Kalu Yala is about changing the way cities are built by placing an emphasis on the symbiotic relationship between people and their surroundings. This is where the term ‘New Urbanism’ comes into play. To quote from newurbanism.org ‘this is an international movement to reform the design of the built environment, raising our quality of life and standard of living by creating better places to live. New Urbanism is the revival of our lost art of place-making, and is essentially a re-ordering of the built environment into the form of complete cities, towns, villages, and neighborhoods – the way communities have been built for centuries around the world’.
Over the last 50 years or so all the major cities across the globe have been victim to urban sprawl. The consequence of this ‘sprawl’ is that planning is thrown out the window leaving you with a built environment that does not make any sense; from the proximity between living quarters to the infrastructure that surrounds it and the absence of communal space that congests it. So the Kalu Yala development intends to create a town that works with the environment rather than against it, using planning ideologies such as ‘new urbanism’ along side agricultural programmes such as Permaculture (as shown to us by ‘AG’ Director Alex Goff on our arrival into the valley site), to create a self sustaining community that is rich in relationships and has a real sense of place.

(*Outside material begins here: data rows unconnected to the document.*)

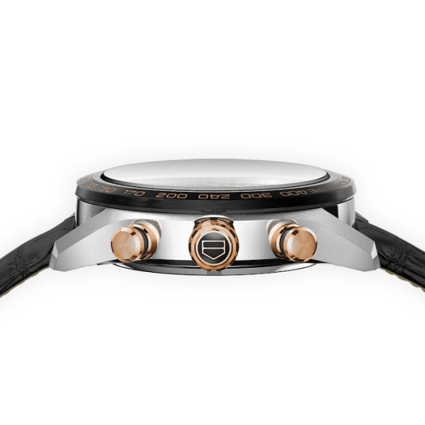 Replica TAG Heuer Carrera Mens Watch features a 44mm stainless steel, ceramic, and rose gold coloured case, showcasing a black dial and crystal glass. Powered by an automatic movement, this stunning watch also showcases a leather strap finished with a deployment clasp for added security. This timepiece is also water resistant to 100 metres.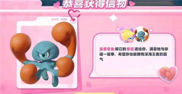 带着蓝拳章鱼去擂台参赛,多打几局就能拿到信物拳套。需要打的场数是随机的,每个人情况不同,建议大家多尝试几次。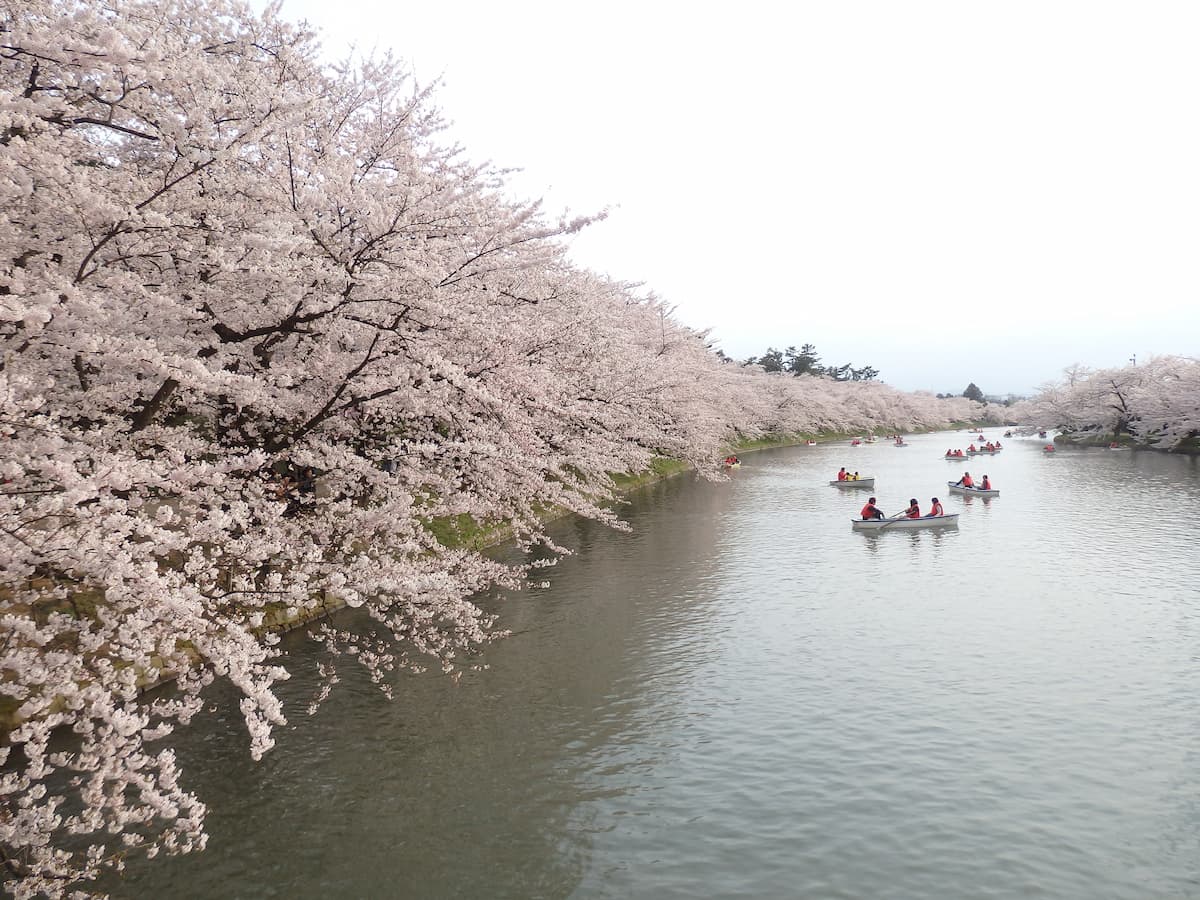お堀の水面に散った花びらが淡い桜色のじゅうたんとなり、水面を染め上げます。咲き始めから散り際まで、移ろう景色を長く味わえるのも、弘前の桜ならではの魅力といえるでしょう。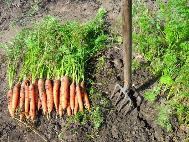 Для уборки рекомендуется использовать вилы, так как лопатой можно повредить плоды. С помощью вил морковь подкапывают, после чего берут ее за ботву и вытаскивают из почвы.

Ed Everett in the Root Series lectures opened with the statement “our most important infrastructure is yet our most forgotten infrastructure.” The point that he is making is how community was previously intrinsic to the workings of a healthy living environment. We have lost these notions in our strife for success; pressured by time, money and the break down in family cohesion – often as a result of higher divorce rates and career driven parents. Mr Everett’s proposed solution to this is to create an environment which encourages interaction between neighbours, reversing the negative affect of privatised lesure and re-building the lost bonds of trust.